2007-06-14 Thread VirginSnow
 Date: Mon, 14 May 2007 18:49:07 -0400
 From: Ben Scott [EMAIL PROTECTED]

 On 5/14/07, [EMAIL PROTECTED] [EMAIL PROTECTED] wrote:
  OpenWRT was recommended as a way of getting around using Linksys's
  broken DynDNS client.  But this system seems just as broken!
 
   I suspect something *is* broken in the OpenWRT DDNS subsystem.  But
 I was able to get the symptom (i.e., DynDNS warning about my expiring
 DNS entry) to go away by fiddling with it.  I've been too lazy/busy to
 dig into root cause yet.  I wasn't sure if the problem wasn't just me
 until now.  I guess it's not just me.
 
   Anyway, here's what I did.  I logged into a root shell on the
 LinkSys box.  I edited/created the /etc/ez-ipupdate/ez-ipupdate.conf
 file to look like this:
 
 interface=vlan1
 service-type=dyndns
 user=notmyusername:notmypassword
 pid-file=/var/run/ez-ipupdate.pid
 cache-file=/etc/ez-ipupdate/ez-ipupdate.cache
 host=notmyhostname.dnsalias.org

The problem here seems to be that the ez-ipupdate package is
integrated with neither the webif nor the rest of OpenWRT.  When the
ez-ipupdate package is installed, it installs the config file as
/etc/ez-ipupdate.conf.  The contents of the file in no way reflect the
settings in the webif, and the cache-file setting at the bottom
conflicts with where OpenWRT stores the cache file.  This is ironic
(you might say insidiously misleading) because this setting is in the
section of the file labeled Do not change the lines below.  Just rm
the whole friggin file: rm /etc/ez-ipupdate.conf.  You have to create
you own /etc/ez-ipupdate/ez-ipupdate.conf file using the output from:

# ez-ipupdate --help  # command usage help
# echo help | ez-ipupdate -c -# config file help

Looking at /etc/init.d/S52ez-ipupdate, it looks like putting the
following in /etc/ez-ipupdate/ez-ipupdate.conf should suffice:

interface=vlan1
service-type=dyndns
user=notmyusername:notmypassword
host=notmyhostname.dnsalias.org
max-interval=216

Creating this file and manually executing 

# /etc/init.d/S52ez-ipupdate start

at least causes messages concerning successful update to appear in the
system log and webif DynDNS configuration page.
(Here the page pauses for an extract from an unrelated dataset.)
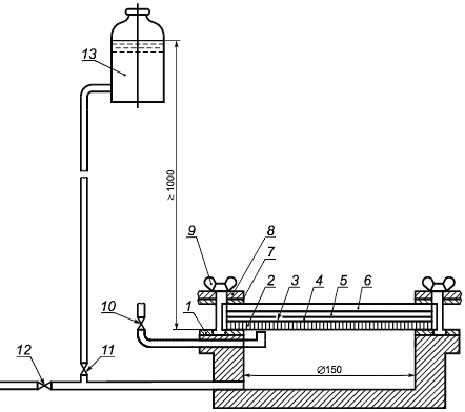 60 кПа; 7 — верхняя резиновая уплотняющая прокладка; 8 — стальной кольцевой зажим; 9 — гайка-барашек; 10 — воздушный выпускной вентиль; 11 — водяной впускной вентиль; 12 — вентиль для подачи и удаления воды; 13 — сосуд с водой для создания и поддержания давления до 60 кПа (давление регулируют высотой подъема сосуда с водой)
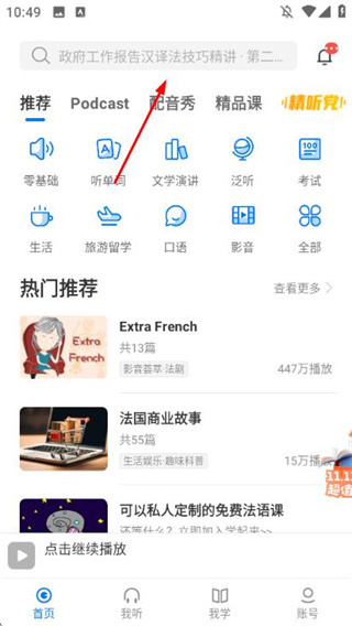1.海量资源:收录海量法语听力资源,包括日常对话、商务法语、名人演讲等。

Note that the settings on the DynDNS page of the webif DONT ACTUALLY
CONFIGURE ez-ipupdate!  Only the Enable/Disable switch on that page
has any effect on real life events.  All the other settings (service
type, account name, password, hostname, update interval) just hang out
in nvram and are never actually used!

Configuring ez-ipupdate on OpenWRT's White Russian 0.9 is about as
counterintuitive as it could be.  ez-ipupdate (though it offers a -q
quiet switch) doesn't offer any kind of debugging output.  It does
write limited satus information to the syslog.  But, by default on
OpenWRT, does not syslog to /var/log/messages (or any file under
/var/log!).  Instead, to see the syslog, you have to view the
appropriate page on the webif.  Even there, the information supplied
is extremely limited!

So, without access to any debugging output, I'm not even sure if what
I've done will convince ez-ipupdate to update my DynDNS on schedule.
I gues I'll find out in 5 days. :)

  # date; uptime
  Mon May 14 09:18:51 EDT 2007
   09:18:51 up 21:16, load average: 0.00, 0.00, 0.00
 
  I didn't reboot the box at all yesterday, so the 21:16 is wrong nonetheless.
 
   I suspect the uptime is correct, and the box has only been up for 21
 hours.  The real question is: Why did the box reboot?  The nominal

I suspect that OpenWRT automagically rebooted me (without notice)
after $arbitrary_configuration_change.  OpenWRT seems to like doing
that.

   On a mostly unrelated note, DynDNS emails me when my hostname is
 about to expire, so I've never lost the name due to any issues with
 LinkSys's firmware, OpenWRT's firmware, or anything else.  I've always
 had a chance to tweak things first.  You may want to look into getting
 the same email warning for yourself.

Yeah, I get that warning also.  However, when you *think* you've
gotten DynDNS configured but really *haven't*, your hostname is just
as expired!  It would be nice if they mailed such warnings a couple
more times, i.e. daily.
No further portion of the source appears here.